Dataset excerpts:
+--

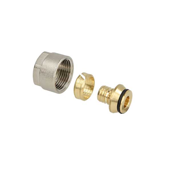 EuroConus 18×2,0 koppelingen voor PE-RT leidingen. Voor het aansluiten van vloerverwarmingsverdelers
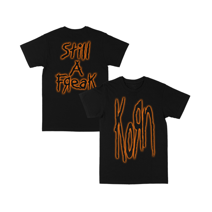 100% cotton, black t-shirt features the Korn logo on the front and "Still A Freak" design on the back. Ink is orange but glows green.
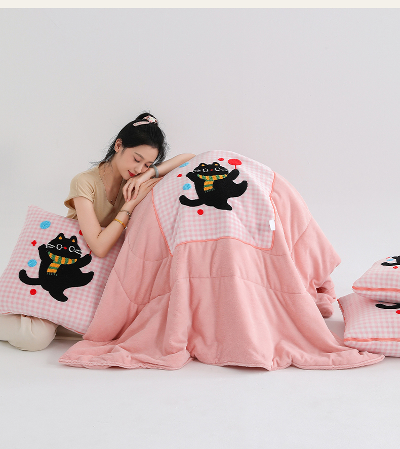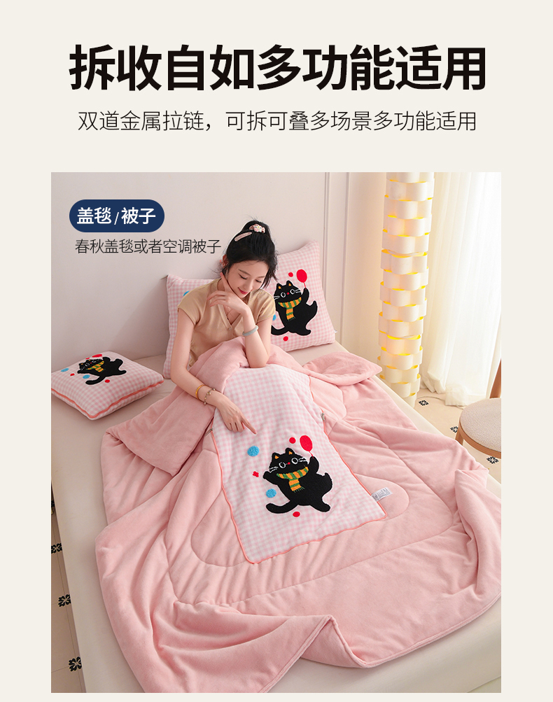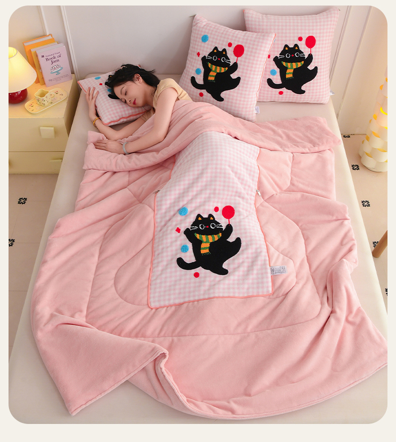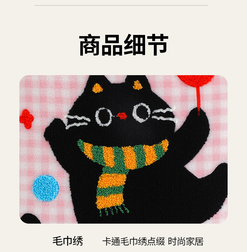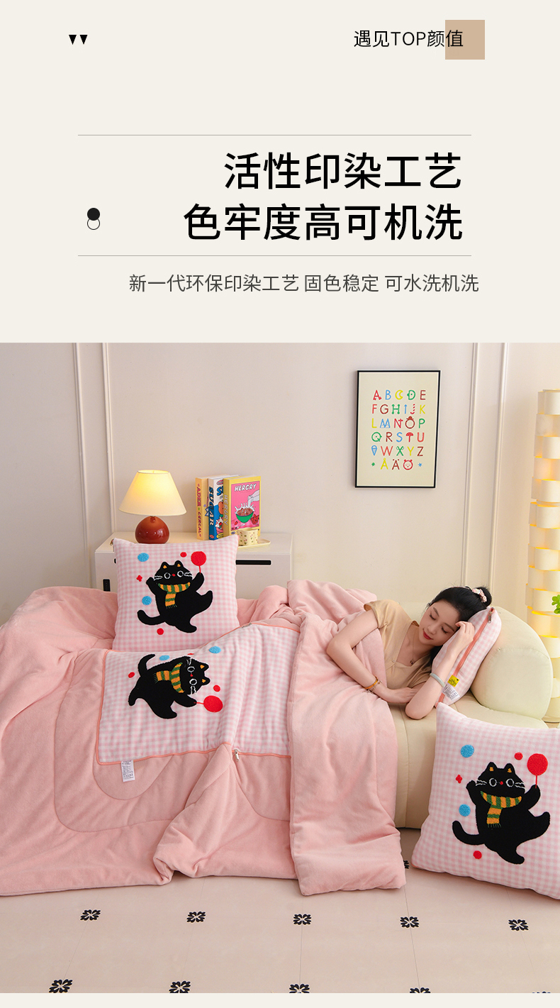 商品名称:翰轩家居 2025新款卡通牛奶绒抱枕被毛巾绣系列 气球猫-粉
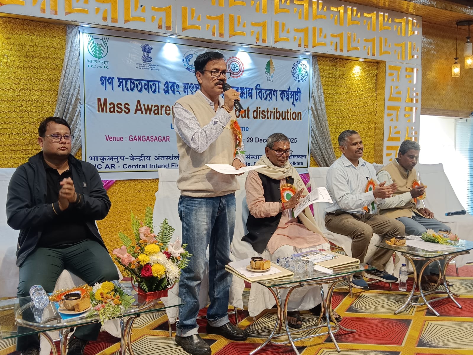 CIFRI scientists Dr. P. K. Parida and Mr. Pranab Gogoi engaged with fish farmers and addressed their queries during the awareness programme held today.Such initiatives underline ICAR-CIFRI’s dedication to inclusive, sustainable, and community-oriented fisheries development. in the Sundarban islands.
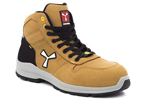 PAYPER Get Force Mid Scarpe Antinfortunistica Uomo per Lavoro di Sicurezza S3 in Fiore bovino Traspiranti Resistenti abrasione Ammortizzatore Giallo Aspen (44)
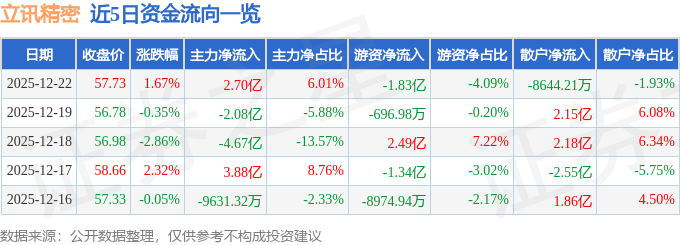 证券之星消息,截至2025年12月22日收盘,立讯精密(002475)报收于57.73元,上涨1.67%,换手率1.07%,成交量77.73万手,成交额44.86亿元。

+--

▸ EXERCISE
Would you write out each record above exactly, with no images?

▸ OUTPUT OF THE TASK
 EuroConus 18×2,0 koppelingen voor PE-RT leidingen. Voor het aansluiten van vloerverwarmingsverdelers
 100% cotton, black t-shirt features the Korn logo on the front and "Still A Freak" design on the back. Ink is orange but glows green.
 商品名称:翰轩家居 2025新款卡通牛奶绒抱枕被毛巾绣系列 气球猫-粉
 CIFRI scientists Dr. P. K. Parida and Mr. Pranab Gogoi engaged with fish farmers and addressed their queries during the awareness programme held today.Such initiatives underline ICAR-CIFRI’s dedication to inclusive, sustainable, and community-oriented fisheries development. in the Sundarban islands.
 PAYPER Get Force Mid Scarpe Antinfortunistica Uomo per Lavoro di Sicurezza S3 in Fiore bovino Traspiranti Resistenti abrasione Ammortizzatore Giallo Aspen (44)
 证券之星消息,截至2025年12月22日收盘,立讯精密(002475)报收于57.73元,上涨1.67%,换手率1.07%,成交量77.73万手,成交额44.86亿元。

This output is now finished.